What needs to be done: Please transcribe the data below in full, word for word, without the images.

___ Exercise materials ___

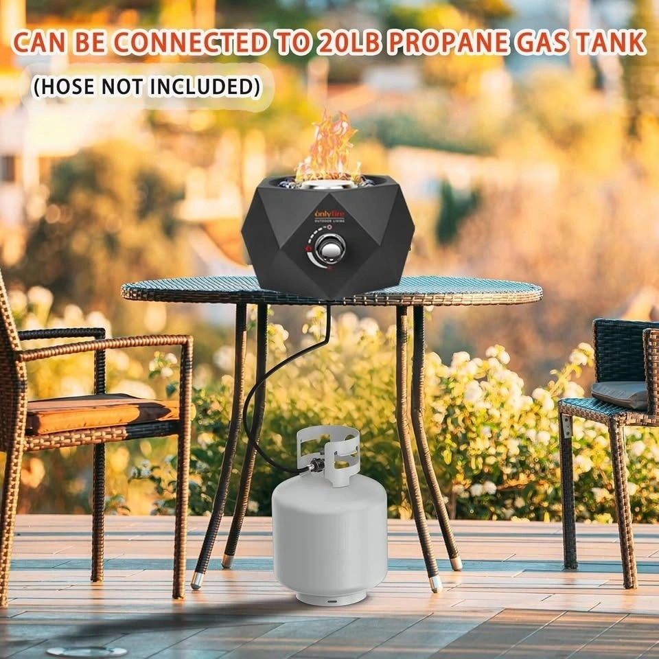 Fueled by propane gas. Includes fire pit, leg caps, a fully adjustable safety shutoff valve, and fireglass stones. Can be hooked up with a 1lb or a 20lb propane cylinder. Note: You need a 1lb to 20lb propane hose adapter to hook up with the 20lb propane tank (adapter not included). Measures 14 x 14 x 8 inch (L x W x H), weighs 12 lbs, with a total output of 5400 BTU/HR. Specially designed for tables with umbrella holes. The connection position for the fire pit and propane tank is at the bottom, so the propane tanks can be hidden perfectly. Made of durable steel frame with a protective enamel finish, which is rust-proof and heat resistant, perfect for both indoor and outdoor use. The modern elegant polygon appearance with simplistic line design is very attractive and matches most styles of room or patio garden. Great for using it as a bonfire pit to create a lively warm atmosphere for backyard gatherings, outdoor restaurants, camping, RV travels, and beach parties throughout all seasons. Smokeless flame & mess-free campfire - no smoke and no ash, providing you with a clean, safe, and cozy campfire experience.
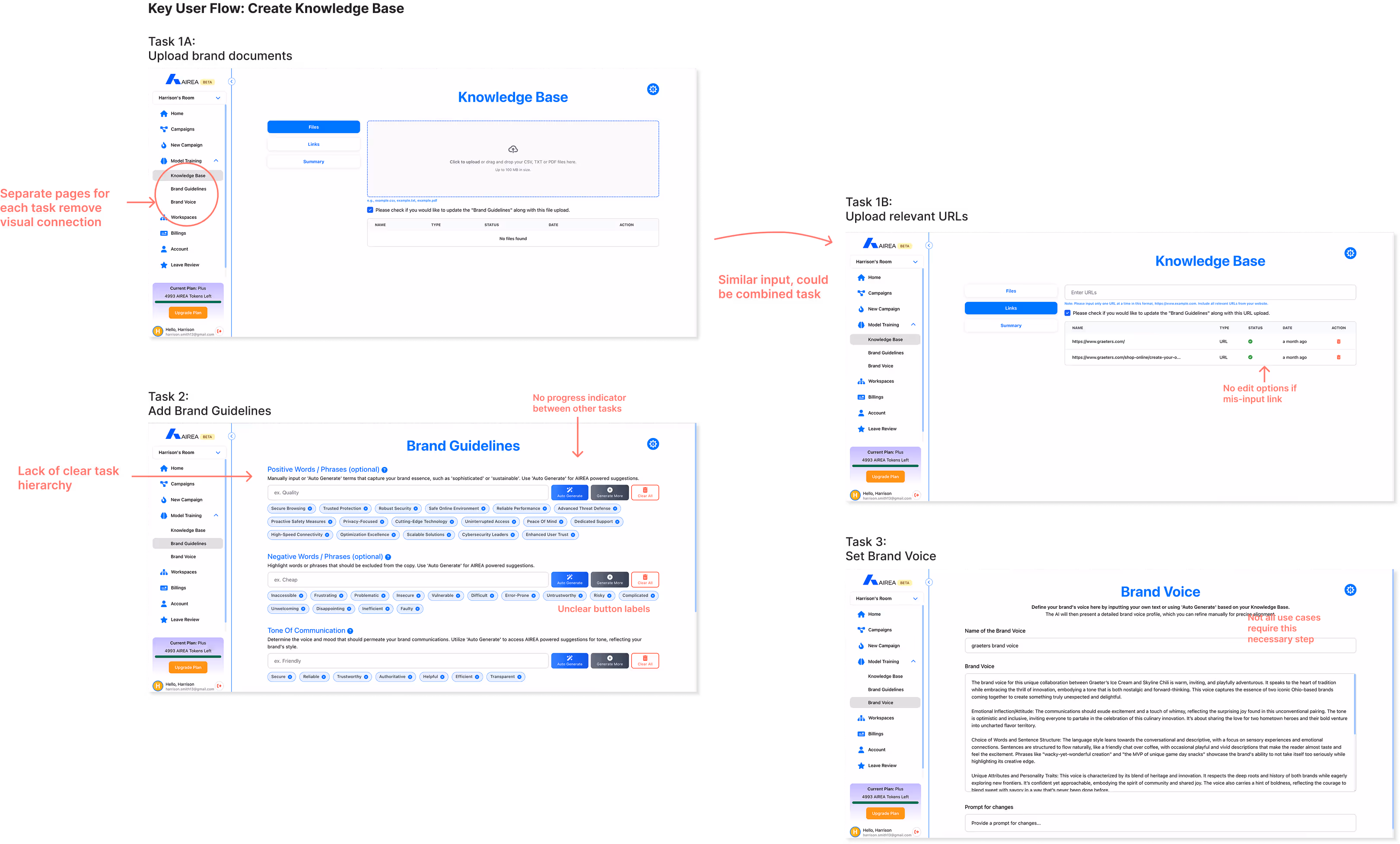 The proposed dashboard, which combines key features into a single, campaign-focused workspace, was met with enthusiasm from both the CEO and managing director. While it’s not a current development priority due to ongoing business and technical considerations, the concept has strong support across the team and is positioned as a key part of Airea’s future product vision.
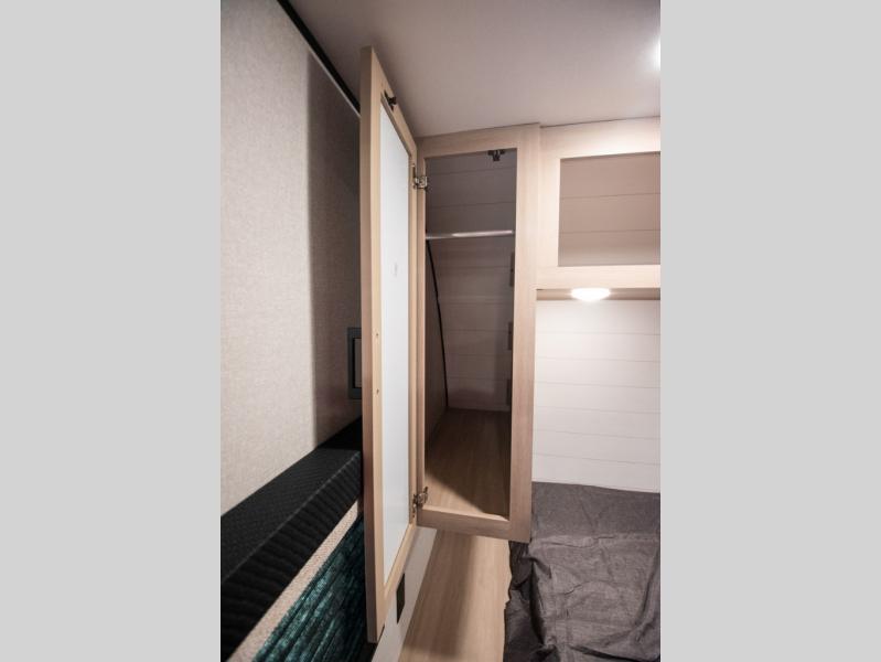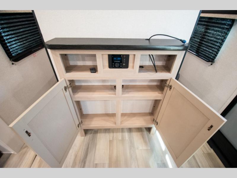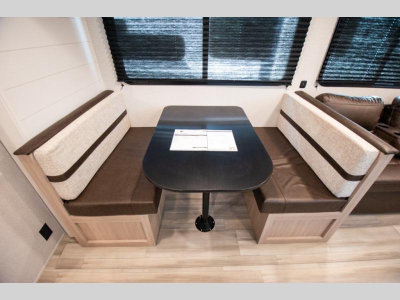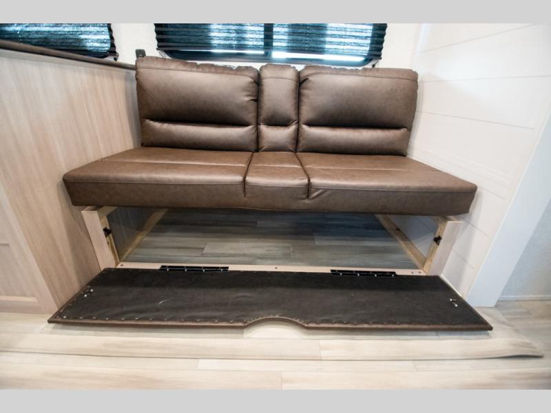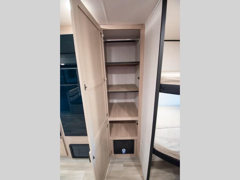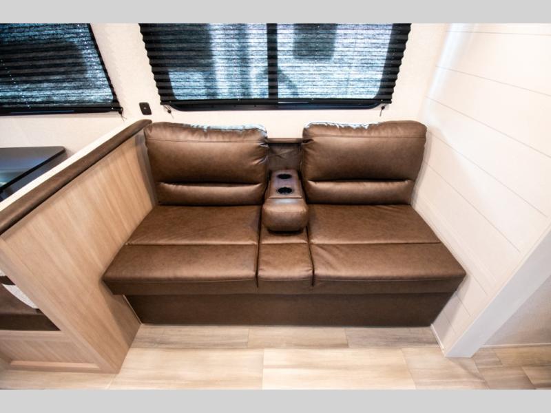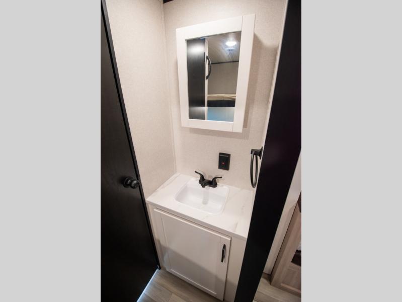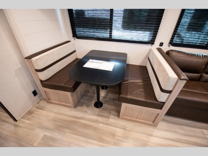 The whole gang will love weekends in the woods with this travel trailer in tow! There is a large slide out for added space, and here you'll find the jack-knife sofa and booth dinette. You can claim the front private bedroom to yourselves, while your guests or little ones take the double-size bunks. A full kitchen is complete with a three-burner cooktop and microwave oven to make meals each day, plus a 12V refrigerator and pantry for food storage. This unit also includes an outdoor kitchen with a refrigerator to keep cold drinks ready to enjoy!
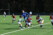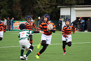 冷たい風が吹く寒さ厳しい冬空の下、伊都ヤングラガーズさんを迎えての交歓会でした。今回は交歓会に臨む前に個々に目標を決め、その目標達成のために健闘するようにコーチから指導いただいていました。 1試合目終了後、動きの鈍さとタックルの高さについてコーチより指摘を頂きました。本来、プレーの修正は互いに声を掛け合いプレー最中にすべきである。との激励でした。2試合目では個々の目標とコーチからの指導を頭に入れてプレーしていたようですが1試合目からそれが出来るようになるように!とのことでした。残り2か月で藤田組を卒業しジュニアチームへと進級します。今後12人のますますの成長を期待します。 結びに伊都ヤングラガーズの皆様、スクール生様の元気で明るい挨拶を頂戴し又、早朝よりお越しくださいましてありがとうございました。 |
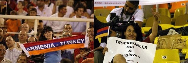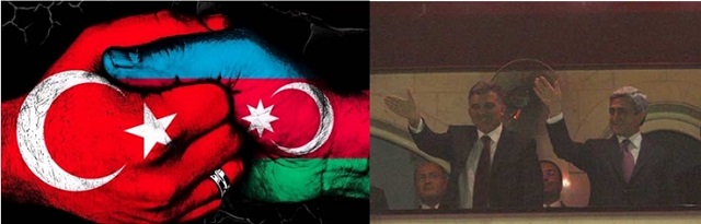 Solda Türkiye-Azerbaycan dostluk ve kardeşliğini simgeleyen bir illüstrasyon, sağda ise Türkiye ile Ermenistan arasında imzalanan tarihi protokolün ardından Bursa’da oynanan milli maçta Ermenistan Cumhurbaşkanı Sarkisyan’ı ağırlayan Türkiye Cumhuriyeti Cumhurbaşkanı Abdullah Gül görülmektedir.
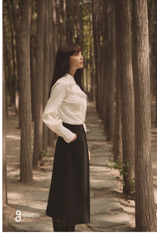 과하지 않은 러플 장식이 돋보이는 고급스러운 컬러감의 블라우스로 여성스러운 매력을 발산하고, 세련된 디자인의 니트 스커트를 착용해 멋스런 분위기를 연출하기도 했다. 특히 가을 시즌 머스트 해브 아이템인 트렌치코트를 착용해 올 가을 스타일링을 제안하고 있다.
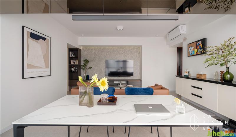 横向的横梁,餐厅横杠细线吊灯,横向的岩板餐桌,横向的沙发从高到低,从前往后延伸,协调有致。
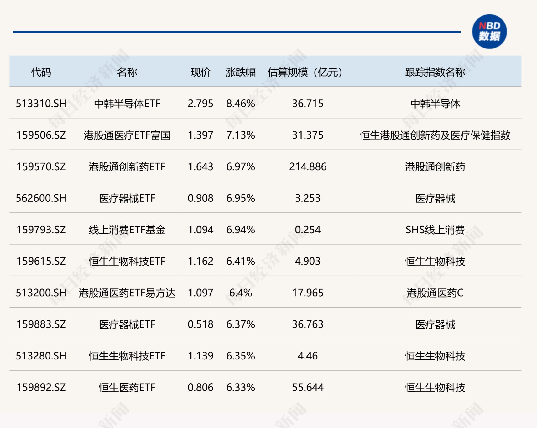 ETF涨跌幅方面,中韩半导体ETF涨超8%,港股通医疗、创新药等ETF涨约7%。

___

Task response:
 Fueled by propane gas. Includes fire pit, leg caps, a fully adjustable safety shutoff valve, and fireglass stones. Can be hooked up with a 1lb or a 20lb propane cylinder. Note: You need a 1lb to 20lb propane hose adapter to hook up with the 20lb propane tank (adapter not included). Measures 14 x 14 x 8 inch (L x W x H), weighs 12 lbs, with a total output of 5400 BTU/HR. Specially designed for tables with umbrella holes. The connection position for the fire pit and propane tank is at the bottom, so the propane tanks can be hidden perfectly. Made of durable steel frame with a protective enamel finish, which is rust-proof and heat resistant, perfect for both indoor and outdoor use. The modern elegant polygon appearance with simplistic line design is very attractive and matches most styles of room or patio garden. Great for using it as a bonfire pit to create a lively warm atmosphere for backyard gatherings, outdoor restaurants, camping, RV travels, and beach parties throughout all seasons. Smokeless flame & mess-free campfire - no smoke and no ash, providing you with a clean, safe, and cozy campfire experience.
 The proposed dashboard, which combines key features into a single, campaign-focused workspace, was met with enthusiasm from both the CEO and managing director. While it’s not a current development priority due to ongoing business and technical considerations, the concept has strong support across the team and is positioned as a key part of Airea’s future product vision.
 The whole gang will love weekends in the woods with this travel trailer in tow! There is a large slide out for added space, and here you'll find the jack-knife sofa and booth dinette. You can claim the front private bedroom to yourselves, while your guests or little ones take the double-size bunks. A full kitchen is complete with a three-burner cooktop and microwave oven to make meals each day, plus a 12V refrigerator and pantry for food storage. This unit also includes an outdoor kitchen with a refrigerator to keep cold drinks ready to enjoy!
 冷たい風が吹く寒さ厳しい冬空の下、伊都ヤングラガーズさんを迎えての交歓会でした。今回は交歓会に臨む前に個々に目標を決め、その目標達成のために健闘するようにコーチから指導いただいていました。 1試合目終了後、動きの鈍さとタックルの高さについてコーチより指摘を頂きました。本来、プレーの修正は互いに声を掛け合いプレー最中にすべきである。との激励でした。2試合目では個々の目標とコーチからの指導を頭に入れてプレーしていたようですが1試合目からそれが出来るようになるように!とのことでした。残り2か月で藤田組を卒業しジュニアチームへと進級します。今後12人のますますの成長を期待します。 結びに伊都ヤングラガーズの皆様、スクール生様の元気で明るい挨拶を頂戴し又、早朝よりお越しくださいましてありがとうございました。 |
 Solda Türkiye-Azerbaycan dostluk ve kardeşliğini simgeleyen bir illüstrasyon, sağda ise Türkiye ile Ermenistan arasında imzalanan tarihi protokolün ardından Bursa’da oynanan milli maçta Ermenistan Cumhurbaşkanı Sarkisyan’ı ağırlayan Türkiye Cumhuriyeti Cumhurbaşkanı Abdullah Gül görülmektedir.
 과하지 않은 러플 장식이 돋보이는 고급스러운 컬러감의 블라우스로 여성스러운 매력을 발산하고, 세련된 디자인의 니트 스커트를 착용해 멋스런 분위기를 연출하기도 했다. 특히 가을 시즌 머스트 해브 아이템인 트렌치코트를 착용해 올 가을 스타일링을 제안하고 있다.
 横向的横梁,餐厅横杠细线吊灯,横向的岩板餐桌,横向的沙发从高到低,从前往后延伸,协调有致。
 ETF涨跌幅方面,中韩半导体ETF涨超8%,港股通医疗、创新药等ETF涨约7%。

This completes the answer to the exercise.